Des roses blanches pour Eunice, une femme prostituée victime de féminicide

Ce n’est pas la vie qu’elles avaient rêvée, Eunice et ses copines, quand elles ont quitté le Nigéria, leur famille, leurs ami·es et un avenir sans issue pour se lancer dans le long voyage à travers le désert, puis la Méditerranée, vers ce qu’elles croyaient être l’« eldorado » européen. Pour Eunice, le rêve s’est achevé à 23 ans, une nuit de juin, devant une « carrée » de Saint-Josse, sous les coups de couteau d’un agresseur ; l’homme n’a pas été retrouvé. axelle a assisté, dans la foule, à l’hommage solidaire qui était rendu à la jeune femme ce jeudi 13 juin.

CC T.Kiya

Ce 13 juin, les proches d’Eunice lui rendaient un bref hommage, soutenues par l’UTSOPI (Union des Travailleu®ses du Sexe organisé(e)s pour l’Indépendance), l’association Espace P, qui travaille avec les prostituées, et le comité de quartier “Dupont plus Verte” (dont la présence est à souligner, les relations entre prostituées et riverain·es n’étant pas toujours des plus faciles). Des dizaines d’autres personnes étaient aussi venues marquer leur solidarité. Pas de pancartes, juste une banderole proclamant « We need care, not violence » ; pas de revendications, juste des chants religieux et traditionnels nigérians ; pas de discours, juste des roses blanches déposées devant la photo d’Eunice. Beaucoup de caméras, d’appareils photo, de journalistes, comme si l’on découvrait tout à coup une réalité qu’on voudrait tant pouvoir ignorer.

Ce matin, ce n’était pas le moment de se plonger dans le débat de fond sur la prostitution. Quelle que soit la position que l’on défend, on peut être d’accord sur quelques points : c’est un milieu où les violences peuvent venir de partout – de la part des clients évidemment, et des proxénètes, mais aussi des riverains ou de la Police ; où se croisent sexe, race et classe en une sorte de « précarité intersectionnelle » ; où l’on retrouve, sous forme concentrée, de grandes problématiques comme la migration – beaucoup de ces femmes sont sans papiers –, la misère et, bien sûr, tout le continuum des violences faites aux femmes. Il y a un mois à peine, c’est Laura, roumaine, qui était tuée par un « client mécontent » à Etterbeek…

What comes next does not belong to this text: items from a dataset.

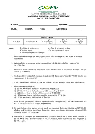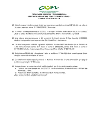 Este documento presenta 16 ejercicios de cálculo de interés simple con diferentes tasas de interés y períodos de tiempo. Los ejercicios involucran calcular el interés, el capital inicial, el valor futuro y la tasa de interés en diferentes escenarios financieros como préstamos, inversiones y depósitos bancarios.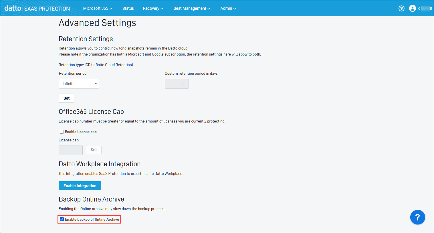 - This feature is supported on SaaS Protection v3.0 only. If you do not see Backup Online Archive on the Settings page, the feature is not supported in your environment. (See How can I tell which version of Datto SaaS Protection my organization is using?)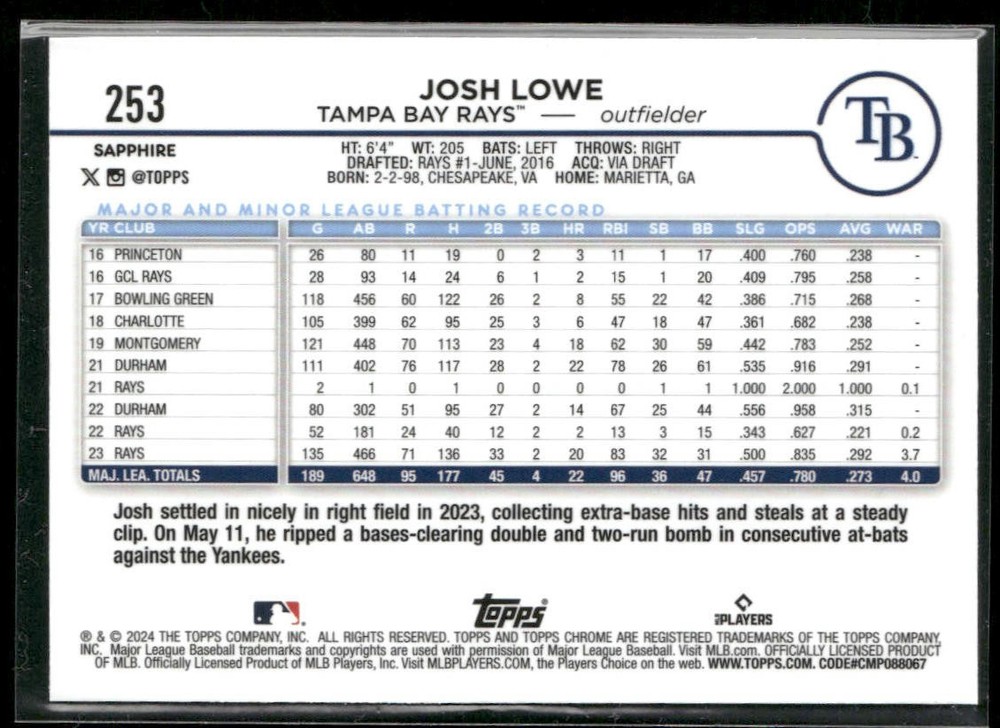 ⚾ Baseball Card featuring 2024 Topps Chrome Sapphire Edition #253 Josh Lowe - Tampa Bay Rays . ⚾ 🔥 Product Details: Set: 2024 Topps Chrome Sapphire Edition Player: Josh Lowe Card Number: #253 Team: Tampa Bay Rays 🌟 Key Features: Authentic baseball base card from the 2024 Topps Chrome Sapphire Edition series. Dynamic image capturing Josh Lowe in action for Tampa Bay Rays. Essential for any baseball card collection. 💡 Why You'll Love It: Celebrate your favorite player and team. A foundational piece for baseball card enthusiasts. Quality craftsmanship and officially licensed. 👉 Explore my other Buy Now listings for more baseball base cards and collectibles! Please note that this advertisement is tailored for platforms such as eBay and is aimed at showcasing the key aspects of the sports card. The images included are of the actual card in question. We encourage you to closely examine these images for a detailed overview, including any blemishes or imperfections on the card. Your careful inspection will ensure a thorough understanding of the card's condition.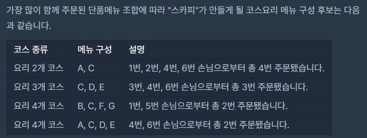 - 만약 가장 많이 함께 주문된 메뉴 구성이 여러 개라면, 모두 배열에 담아 return 하면 됩니다.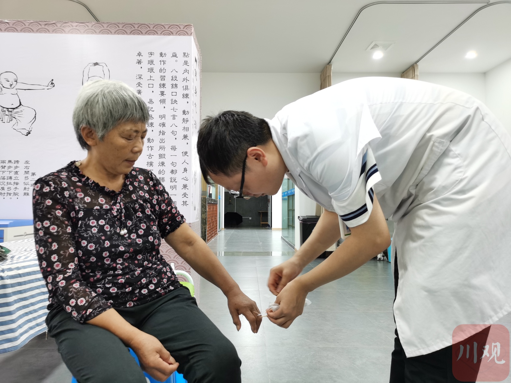 9月18日,71岁的张水清来到资阳雁江区向阳社区,距离她家不到10分钟路程。一天以前,她的肩膀被扭伤,于是来社区就诊。雁江区人民医院中医科主任罗明远为其进行了治疗。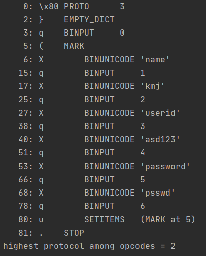 data라는 dictionary를 만들고 pickle 모듈을 이용해 직렬화를 한 뒤 알아보기 쉽게 pickletools를 이용했다.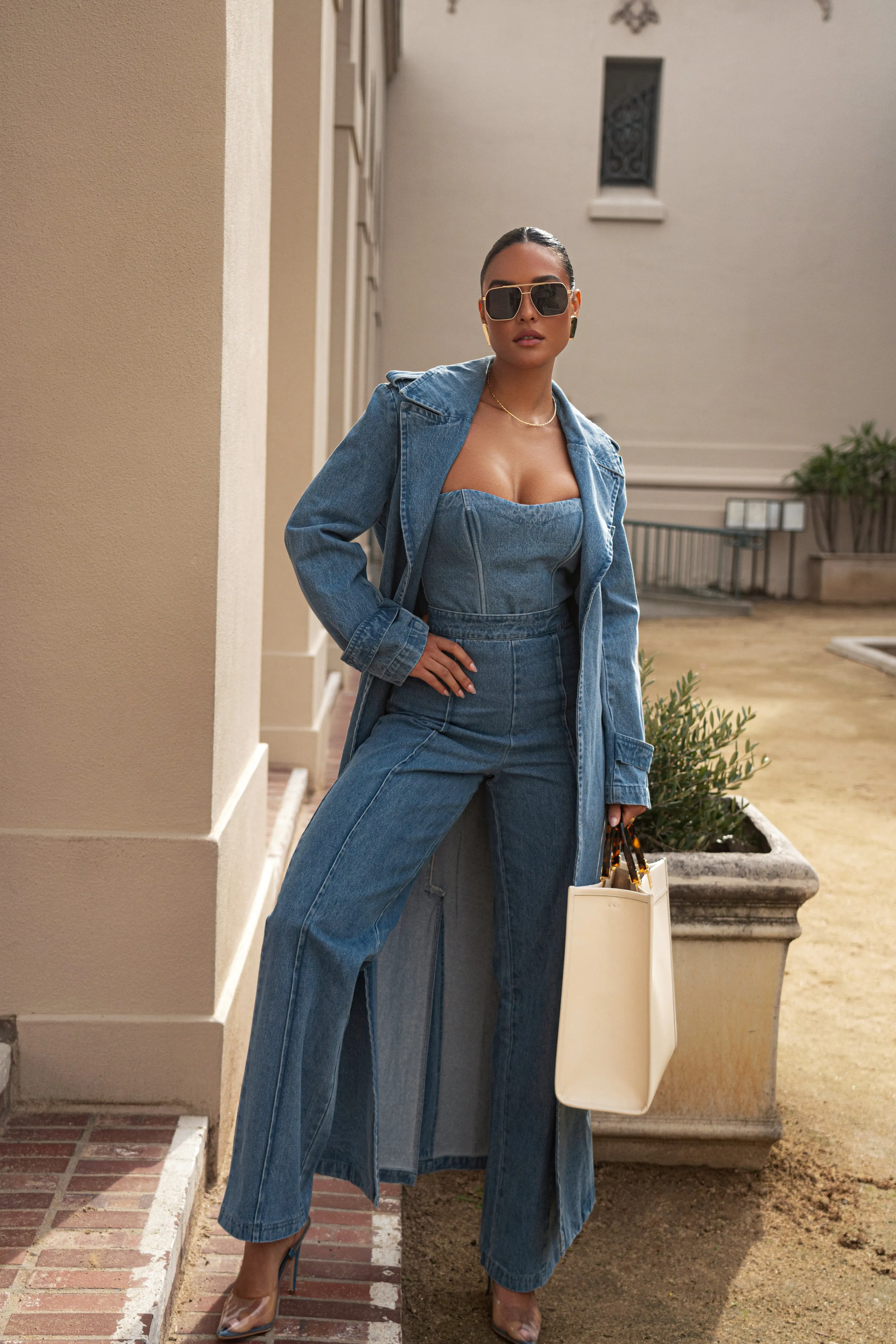 Our Medium Wash Stay Sharp Denim Trousers were designed for seamless transitions from work to the weekend. We took one of our most loved designs and reimagined it in premium denim, elevating its style with superior quality and a modern twist. The trousers feature a banded waistband with wide leg hems and elegant princess seams along the center front and back legs.Pair with ourAll You Need Denim Corset for the full look. No stretch. Back zipper closure.

Mais cette fois, la réaction a été immédiate : après le meurtre d’Eunice, ses collègues du quartier ont organisé une « grève des vitrines ». Il faut dire que l’inquiétude est grande, d’abord face à l’insécurité : au cœur de la marche, plusieurs femmes prostituées témoignaient de leur peur, surtout la nuit, l’une d’elles ne se sentant protégée que par son chien… Par ailleurs, d’une façon générale – et, pour certain·es, encore davantage lorsque cela concerne des femmes prostituées –, la Police ne joue pas son rôle et ne protège pas suffisamment les femmes victimes de violences. Tout cela dans le contexte des projets de la commune de Saint-Josse, qui a décidé la fermeture de toutes les vitrines dès 2019, sans proposer de réelles solutions.

Ces violences s’inscrivent aussi dans le cadre plus large des violences faites aux femmes, que ce soit dans la rue, au travail ou dans le cercle le plus intime. Depuis le début de l’année, le blog Stop Féminicide a déjà recensé 19 femmes victimes de féminicide en Belgique. Elles s’appelaient Eunice, Julie, Oumou, Rita. Elles avaient entre 21 et 62 ans. Elles vivaient à Schaerbeek, Herstal ou Veurne. Elles étaient étudiante, prostituée, employée, femme au foyer ; elles ont été tuées, parce qu’elles étaient des femmes.